Stored dataset items →
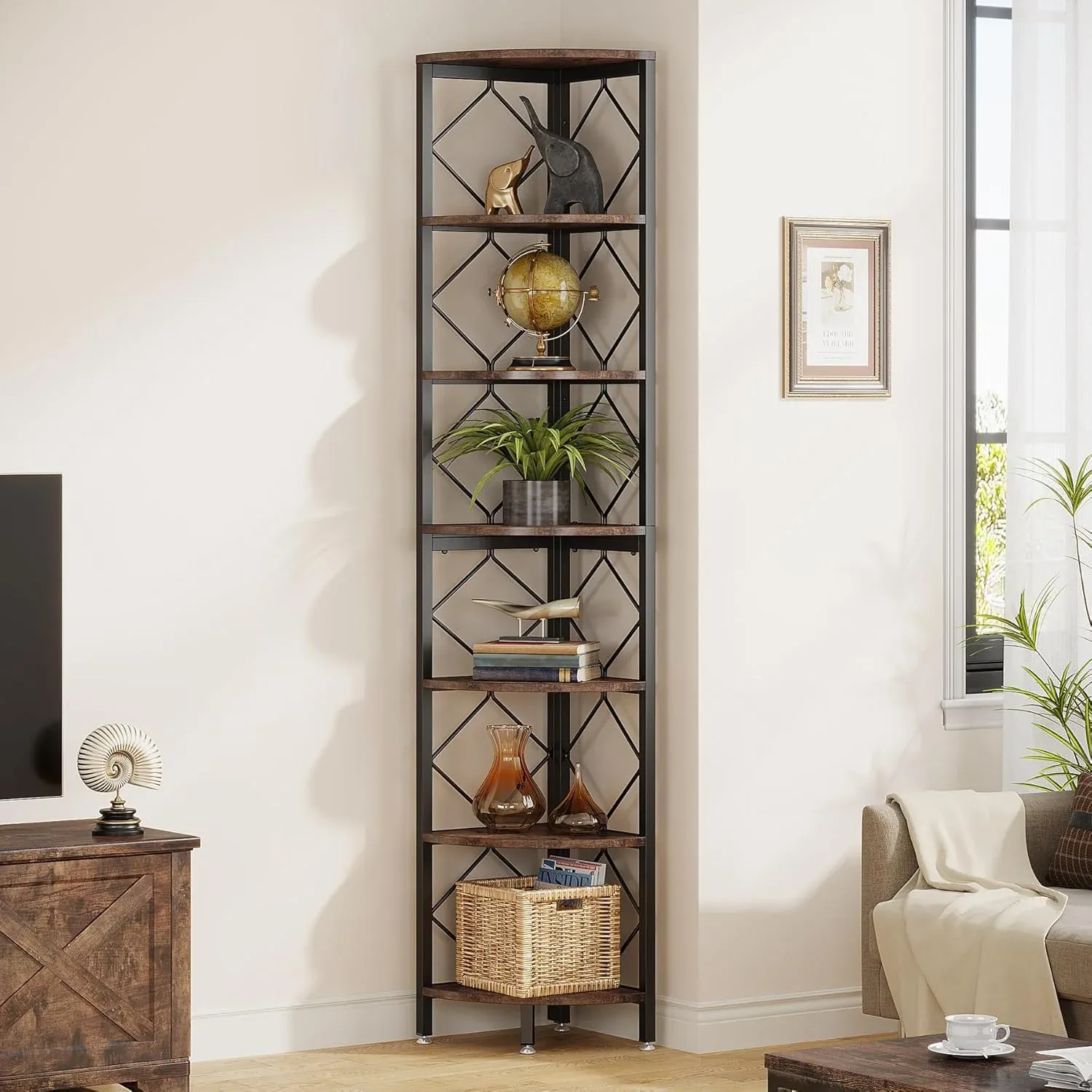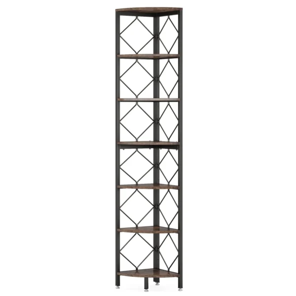 - Hylla med 7 nivåer: Denna hörnhylla har sju hyllplan som ger gott om plats för att visa upp böcker, vaser, hantverk, fotoramar, krukväxter och andra dekorativa föremål.
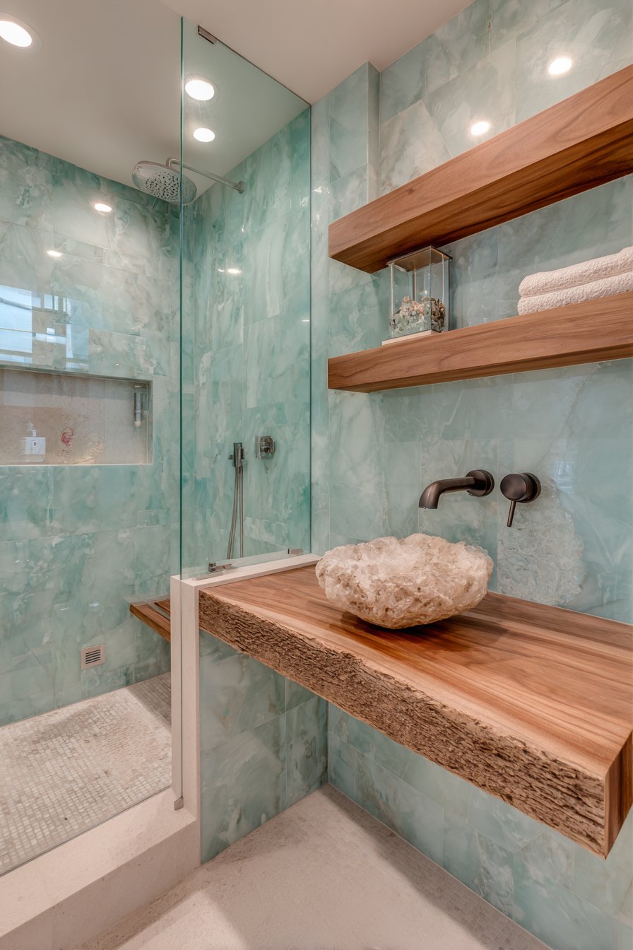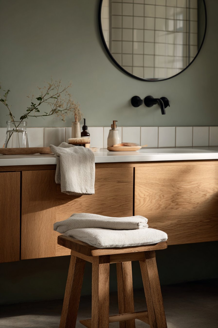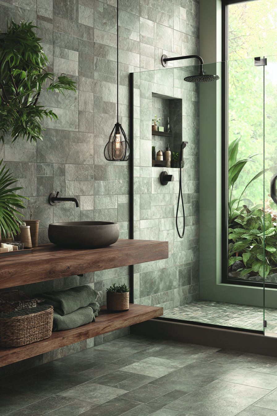 Open floating shelves in light oak extend the natural wood theme while providing essential storage that doesn’t visually clutter the space. These shelves display rolled towels in coordinating colors and small potted plants that reinforce the nature-inspired palette. The plants serve double duty, adding both decorative appeal and improving air quality in the enclosed space. Soft natural lighting filtering through a small window creates gentle shadows that enhance the textured wall surfaces, giving depth and dimension to what might otherwise feel flat.
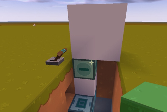 注意:这里的门的材料必须是滑动方块能带得动的非自然生成的方块哦,比如木板、岩石块、硬砂块都可以。泥土和岩石是不可以的哦~
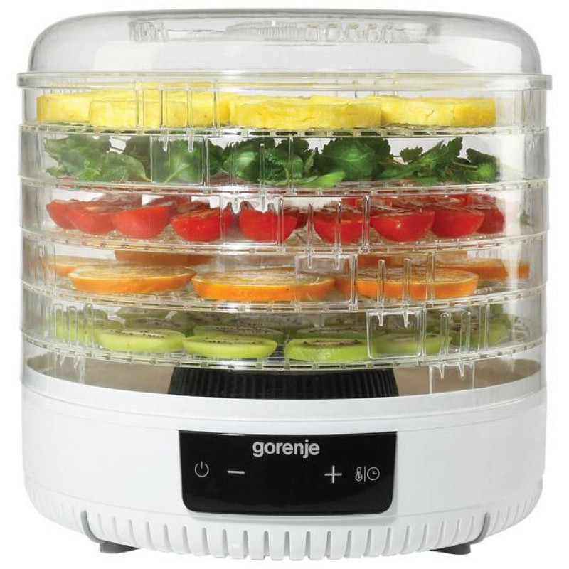 Електросушарка для продуктів дозволить висушити хліб, печиво, рибу, фрукти, трави, м'ясо, гриби, макаронні вироби й овочі зі збереженням усіх корисних властивостей. GORENJE FDK 500 GCW з 5 круглими лотками діаметром 31 см, які дозволяють рівномірно висушувати продукти на всіх рівнях. Лотки легко та просто замінюються.
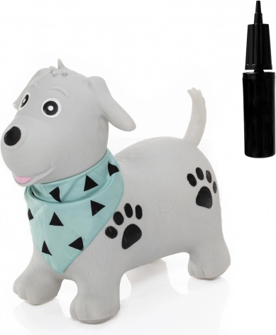 Det søde oppustelige hoppedyr formet som en hund giver børn endeløs underholdning og sund bevægelse. Takket være den ergonomiske form med ører som håndtag er hopningen behagelig og sikker, samtidig som den udvikler motorik og balance. Hoppedyret er uden ftalater, egner sig til både indendørs og udendørs brug, og i pakken finder du også en praktisk pumpe til nem oppustning.
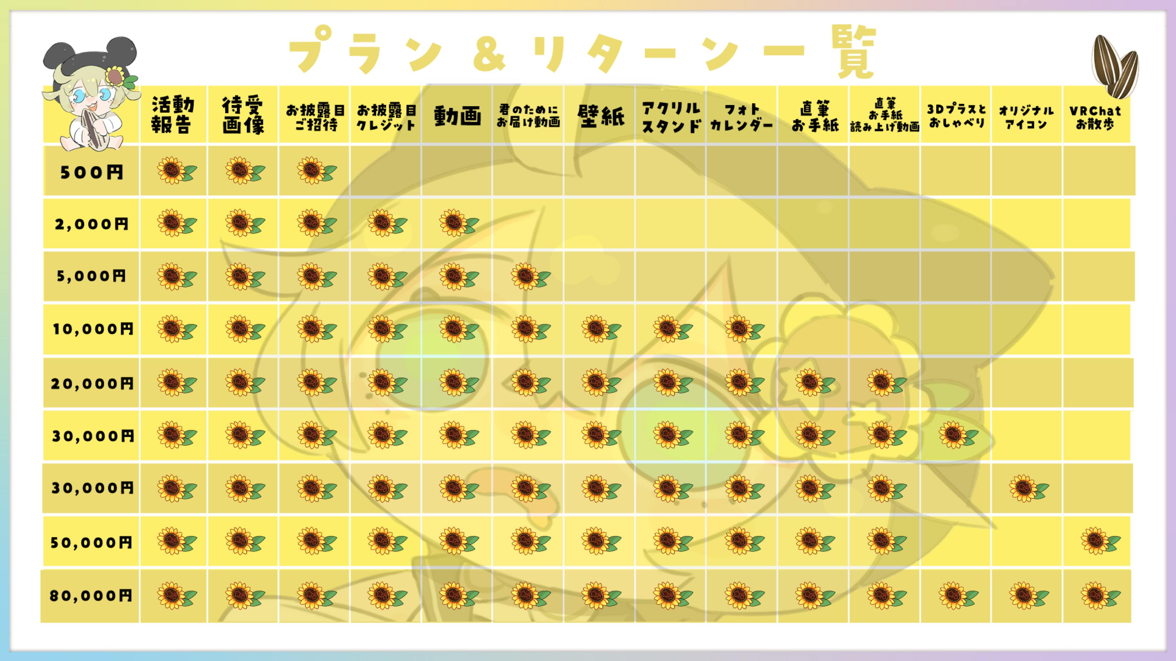 ※ プロジェクト終了後、プランを購入して下さった皆さまに各プランの詳細説明メールをお送りいたしますのでそちらをご覧ください。
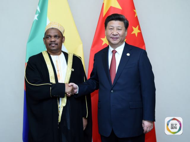 12月4日,國家主席習(xí)近平在約翰內(nèi)斯堡會見科摩羅總統(tǒng)伊基利盧。(新華社記者張鐸攝)
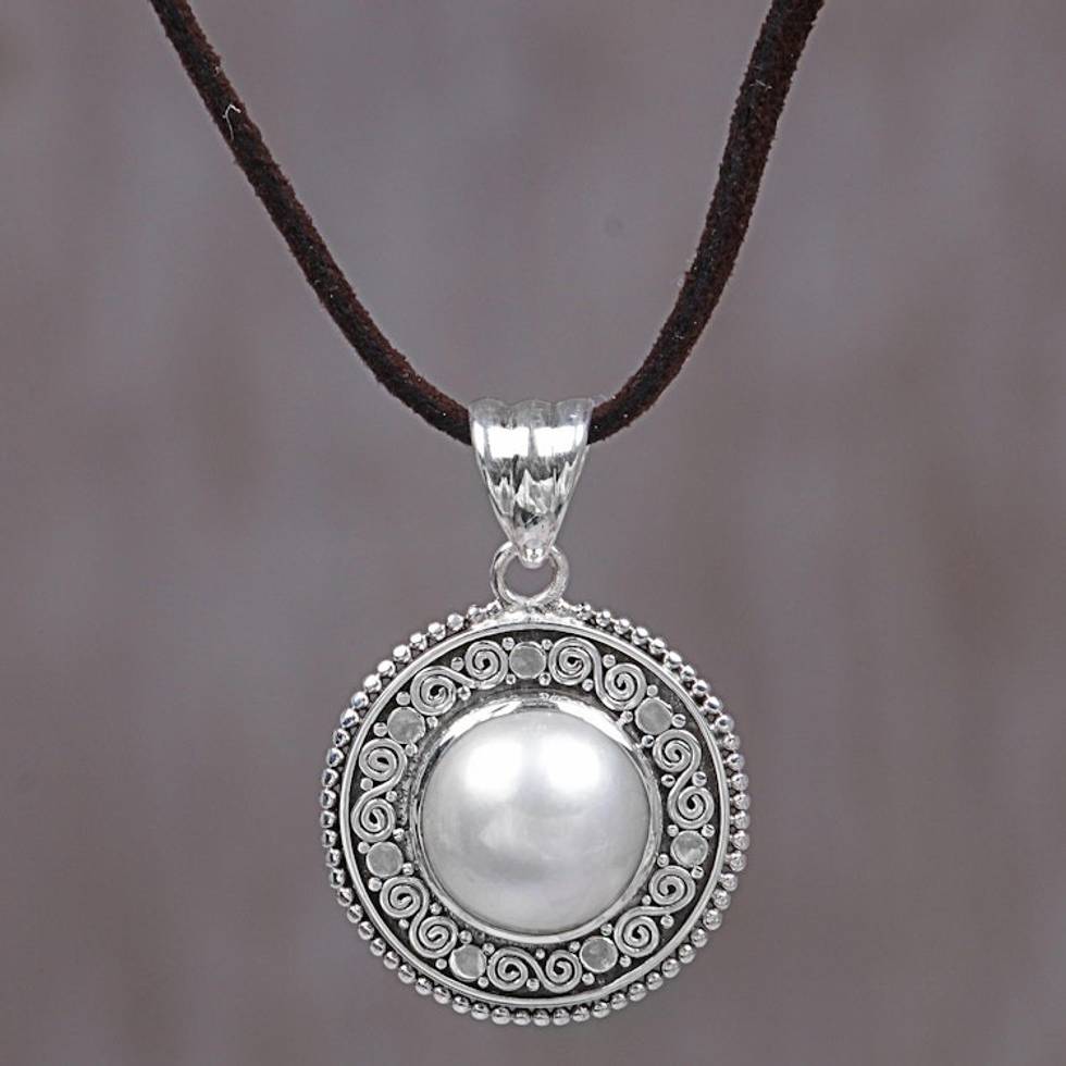 Cultured Mabe Pearl and Leather Cord Pendant Necklace 'White Orb' Item ID: 2669922042
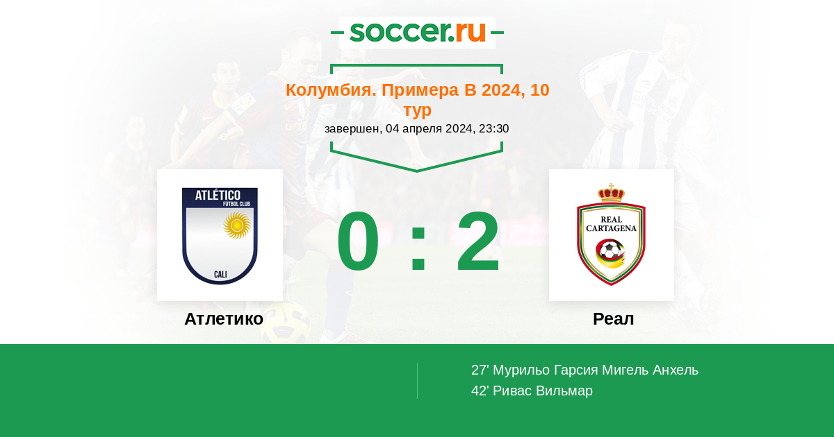 Протокол матча Атлетико Кали против Реал
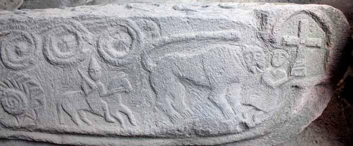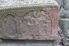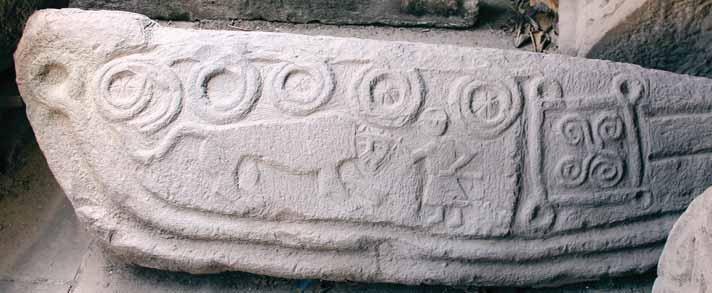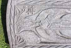 edges of the stone are surrounded by torus-moulded borders decorated with coniferous shaped engraved

WORK ORDER →
Once the pictures are set aside, what is needed is the lines from the line with "注意:这里的门的材料必须是滑" through the end of the data, written out exactly and alone.

EXERCISE RESULT →
 注意:这里的门的材料必须是滑动方块能带得动的非自然生成的方块哦,比如木板、岩石块、硬砂块都可以。泥土和岩石是不可以的哦~
 Електросушарка для продуктів дозволить висушити хліб, печиво, рибу, фрукти, трави, м'ясо, гриби, макаронні вироби й овочі зі збереженням усіх корисних властивостей. GORENJE FDK 500 GCW з 5 круглими лотками діаметром 31 см, які дозволяють рівномірно висушувати продукти на всіх рівнях. Лотки легко та просто замінюються.
 Det søde oppustelige hoppedyr formet som en hund giver børn endeløs underholdning og sund bevægelse. Takket være den ergonomiske form med ører som håndtag er hopningen behagelig og sikker, samtidig som den udvikler motorik og balance. Hoppedyret er uden ftalater, egner sig til både indendørs og udendørs brug, og i pakken finder du også en praktisk pumpe til nem oppustning.
 ※ プロジェクト終了後、プランを購入して下さった皆さまに各プランの詳細説明メールをお送りいたしますのでそちらをご覧ください。
 12月4日,國家主席習(xí)近平在約翰內(nèi)斯堡會見科摩羅總統(tǒng)伊基利盧。(新華社記者張鐸攝)
 Cultured Mabe Pearl and Leather Cord Pendant Necklace 'White Orb' Item ID: 2669922042
 Протокол матча Атлетико Кали против Реал
 edges of the stone are surrounded by torus-moulded borders decorated with coniferous shaped engraved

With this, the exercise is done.